Revit-Blender-Bake (Blevit)

Hi,

I’m curious as to what is the best approach of exporting geometry from Revit, considering the default FBX solution from Revit doesn’t export materials or textures, or rather it does but in their own proprietary quirky way that only 3Ds Max supports? - I’ve been looking for a way to sort of 1-click-deploy it straight from the Revit interface:

  • Straight to Blender
  • Clean, Unwrap, Build lightmaps
  • Potentially deploy model from Blender to a web server for the client to see

The first problem (and perhaps biggest problem) I get is when exporting from Revit to Blender, the only way I’m able to get a good enough geometry into Blender whilst keeping the material information is by using the Twinmotion Exporter (FBX) or Lumion Exporter (OBJ), as while the default FBX export from Revit is available from the API, the other exporters aren’t (afaik).

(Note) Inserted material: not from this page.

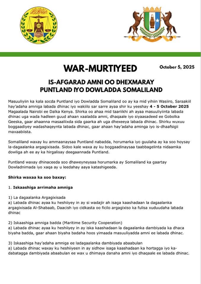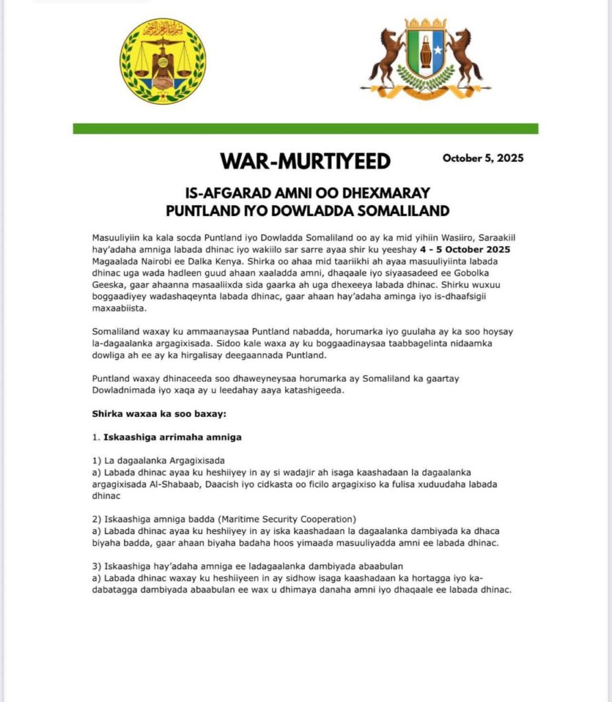 Share Facebook Twitter LinkedIn Pinterest Email Copy Link Kulamo wax ku ool ah,ayaa uga soo dhamaaday Nayrobi PL & SL. Qodobada kulamada looga xaajooday,waxaa ugu waa weynaa Laba arimood oo kala ah….. 1.Amniga.2.Duulimaadyada. PL& SL,waxay wadajir uqaateen go’aan mid ah oo ay la wadaagayaan QM.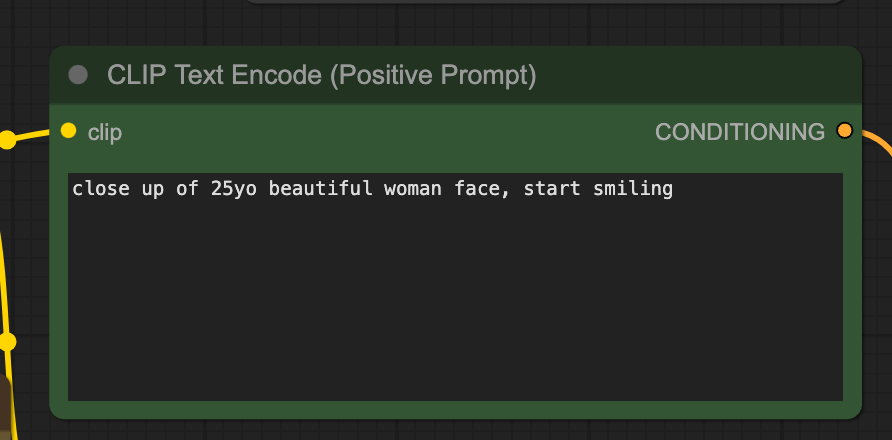 입력 이미지와 어울리고 약간의 움직임을 설명하는 프롬프트가 필요합니다. 여기에서는 웃는 얼굴로 바뀌는 모습으로 설정되어 있습니다.

This has led me to two choices:

For the first, it would be a massive undertaking (for me at least), since I know very little C# and even less of the Revit API, which would probably take me months if not years to make anything useful of. The second solution has the big benefit of actually retaining the I in BIM, namely the information from the Revit property sets such as materials, quantities, schedules and what not. Plus it partially keeps the material description on the actual geometry. The biggest problem with IFC is that it’s usually massive, both to export from Revit and import in Blender (using BlenderBIM, which is still new and in early development). Plus, a lot of consultants work with and provide models in IFC as well, so that’s an additional plus.

As for SmartUV Unwrap (point A), it sadly is quite slow due to being written in Python (I think), I read somewhere that it might benefit from being implemented in C instead. So far adding support the Xatlas was just one of the planned integrations in TLM, down the line I think support for RizomUV or UVPackmaster might help a bit on this, though a minus to this is that they’re not free (but then again, neither is Revit).

As for point B, what we usually do when using Twinmotion is adding placeholders in Revit, which are then replaced on import (similar to what is shown here https://www.revit.news/2020/07/tutorial-revit-placeholders-in-twinmotion-replace-object-with-its-base-point/), if they’re just squares in Revit they don’t slow down performance much. Same could be used in Blender, where temporary construction lights could light up your basement scenes. Additionally, SSGI (Screen Space Global Illumination for Eevee) might have a few cases where it might be used instead of baking lightmaps, or perhaps as a supplement to it if toned down.

As for point C, a few large .hdr definitely adds up on the long run in terms of space, using encoding might help a bit one this if you’re using .exr (although I still haven’t added DWAA compression, which should help a lot on space usage), otherwise there’s also the options for using 8-bit LogLuv encoding, which should help save space by quite a large margin (between 40-60%), and the dynamic range isn’t decreased too noticeable.

Another point I’d like to extend is potentially adding Armory3D as the final destination from Blender, especially great for it’s ability to deploy to HTML5/Web, thus making the client able to view it from their own devices, potentially on mobile too if the project is minor. So far I haven’t tried this with larger projects, although it works surprisingly well with small apartment views.